Gesundheitsschäden bei Fluglärm (AefU)

Publiziert von VFSNinfo am
Die Eidgenössische Lärmkommission hat einstimmig entschieden, dass unsere Fluglärm-Grenzwerte zu hoch angesetzt sind, weil sie nicht vor Gesundheitsschäden schützen. Dazu wurden im Nationalrat zwei Vorstösse eingereicht. Für die Frühjahrssession vom kommenden März ist eine parlamentarische Initiative zur Verlängerung der Nachtflugruhe traktandiert.

 

Weit über 100 Studien befassten sich bisher mit dem Zusammenhang zwischen Fluglärm und einer Vielzahl von Krankheiten.
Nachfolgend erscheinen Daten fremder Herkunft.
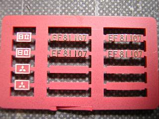 | ・ナンバープレート作成 冒頭でも記載しましたが、今回の製品の改良ポイントである メタルインレタによる選択式ナンバープレート。 S氏のご希望により107号機としました。 上がナンバープレート、下がメタルインレタです。 このメタルインレタの文字サイズはエンドウ製よりやや小さく 使い勝手が良いです。 当方もKATO製EF65PFに使用しています。 |

Schlafstörungen, Entwicklungsstörungen bei Kindern und Herzkreislauferkrankungen sind die wichtigsten und bestuntersuchten Gesundheitsschäden, welche bei Fluglärm vermehrt auftreten. Alle wurden bei Fluglärmpegeln beobachtet, wie sie im Umkreis unserer Landesflughäfen gemessen werden. Bei gleicher Lautstärke ist das Störpotential von Fluglärm mehrfach höher als jenes von Bahn oder Strassenlärm.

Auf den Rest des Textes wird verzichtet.